*Brief*: The lines needed run from the one that contains "sono riuscita a" through the end of the material below, both included; write them out exactly, with no pictures.
--- Available data Enclosed Below ---
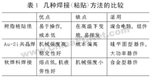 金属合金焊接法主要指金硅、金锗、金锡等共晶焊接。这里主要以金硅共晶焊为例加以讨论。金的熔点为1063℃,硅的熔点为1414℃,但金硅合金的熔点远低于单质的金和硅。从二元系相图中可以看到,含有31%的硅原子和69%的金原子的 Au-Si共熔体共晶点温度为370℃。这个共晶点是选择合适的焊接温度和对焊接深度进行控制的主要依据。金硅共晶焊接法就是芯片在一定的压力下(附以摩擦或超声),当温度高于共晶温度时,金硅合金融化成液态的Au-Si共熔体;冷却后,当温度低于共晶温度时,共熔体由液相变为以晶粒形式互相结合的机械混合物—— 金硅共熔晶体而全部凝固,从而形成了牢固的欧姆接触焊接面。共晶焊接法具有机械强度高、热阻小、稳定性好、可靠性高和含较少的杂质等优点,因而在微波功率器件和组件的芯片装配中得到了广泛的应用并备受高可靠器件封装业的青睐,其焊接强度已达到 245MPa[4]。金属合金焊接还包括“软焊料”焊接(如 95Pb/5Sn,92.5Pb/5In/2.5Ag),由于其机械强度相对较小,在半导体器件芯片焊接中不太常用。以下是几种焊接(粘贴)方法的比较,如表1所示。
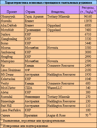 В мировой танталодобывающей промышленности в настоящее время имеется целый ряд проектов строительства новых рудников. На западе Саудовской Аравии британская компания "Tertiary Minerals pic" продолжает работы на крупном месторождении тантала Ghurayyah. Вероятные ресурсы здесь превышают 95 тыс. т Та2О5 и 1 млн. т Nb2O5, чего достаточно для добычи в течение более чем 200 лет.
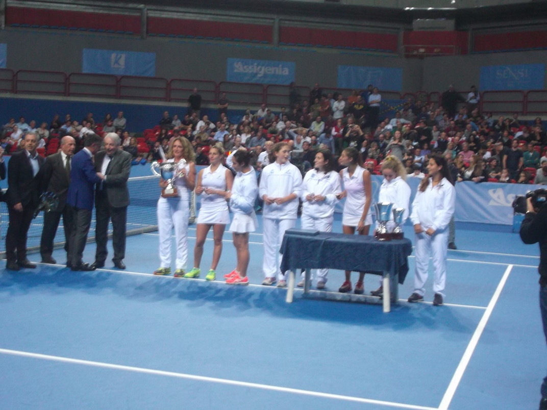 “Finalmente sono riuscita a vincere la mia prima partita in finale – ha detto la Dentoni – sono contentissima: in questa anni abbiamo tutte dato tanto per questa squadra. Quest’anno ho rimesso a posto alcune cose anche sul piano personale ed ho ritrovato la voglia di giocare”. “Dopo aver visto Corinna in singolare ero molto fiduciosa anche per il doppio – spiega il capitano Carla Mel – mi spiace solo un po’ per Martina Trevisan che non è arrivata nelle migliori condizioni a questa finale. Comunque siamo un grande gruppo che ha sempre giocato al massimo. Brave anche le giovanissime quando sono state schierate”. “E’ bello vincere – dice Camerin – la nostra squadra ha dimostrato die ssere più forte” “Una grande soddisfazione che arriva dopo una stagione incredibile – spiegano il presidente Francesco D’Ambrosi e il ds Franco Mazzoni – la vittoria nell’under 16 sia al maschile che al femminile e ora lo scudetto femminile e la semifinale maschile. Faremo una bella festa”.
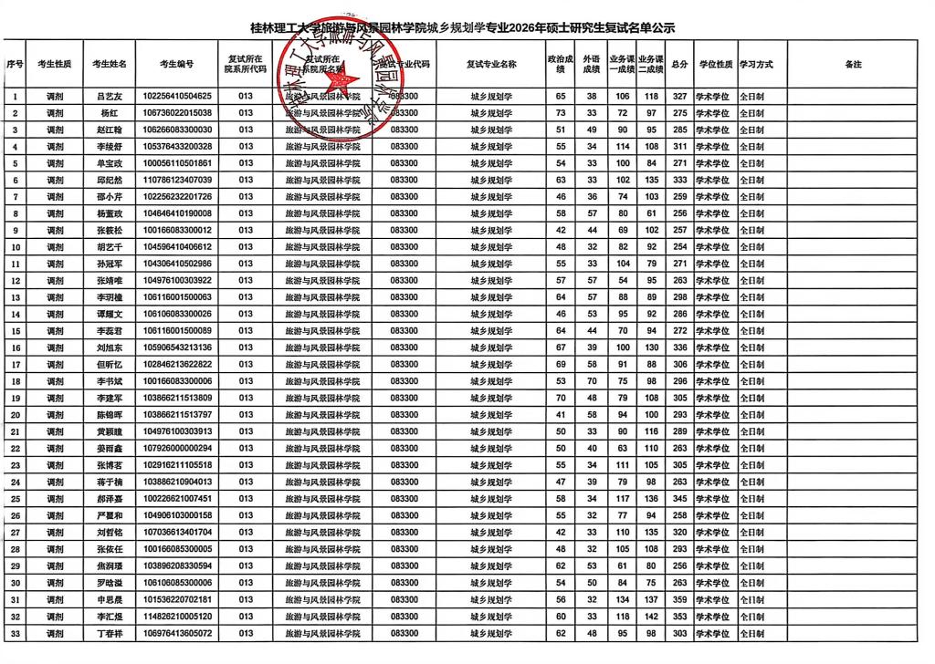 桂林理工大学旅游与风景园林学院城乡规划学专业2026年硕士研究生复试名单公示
--- End of Enclosed Available data ---
*Task result*:
 “Finalmente sono riuscita a vincere la mia prima partita in finale – ha detto la Dentoni – sono contentissima: in questa anni abbiamo tutte dato tanto per questa squadra. Quest’anno ho rimesso a posto alcune cose anche sul piano personale ed ho ritrovato la voglia di giocare”. “Dopo aver visto Corinna in singolare ero molto fiduciosa anche per il doppio – spiega il capitano Carla Mel – mi spiace solo un po’ per Martina Trevisan che non è arrivata nelle migliori condizioni a questa finale. Comunque siamo un grande gruppo che ha sempre giocato al massimo. Brave anche le giovanissime quando sono state schierate”. “E’ bello vincere – dice Camerin – la nostra squadra ha dimostrato die ssere più forte” “Una grande soddisfazione che arriva dopo una stagione incredibile – spiegano il presidente Francesco D’Ambrosi e il ds Franco Mazzoni – la vittoria nell’under 16 sia al maschile che al femminile e ora lo scudetto femminile e la semifinale maschile. Faremo una bella festa”.
 桂林理工大学旅游与风景园林学院城乡规划学专业2026年硕士研究生复试名单公示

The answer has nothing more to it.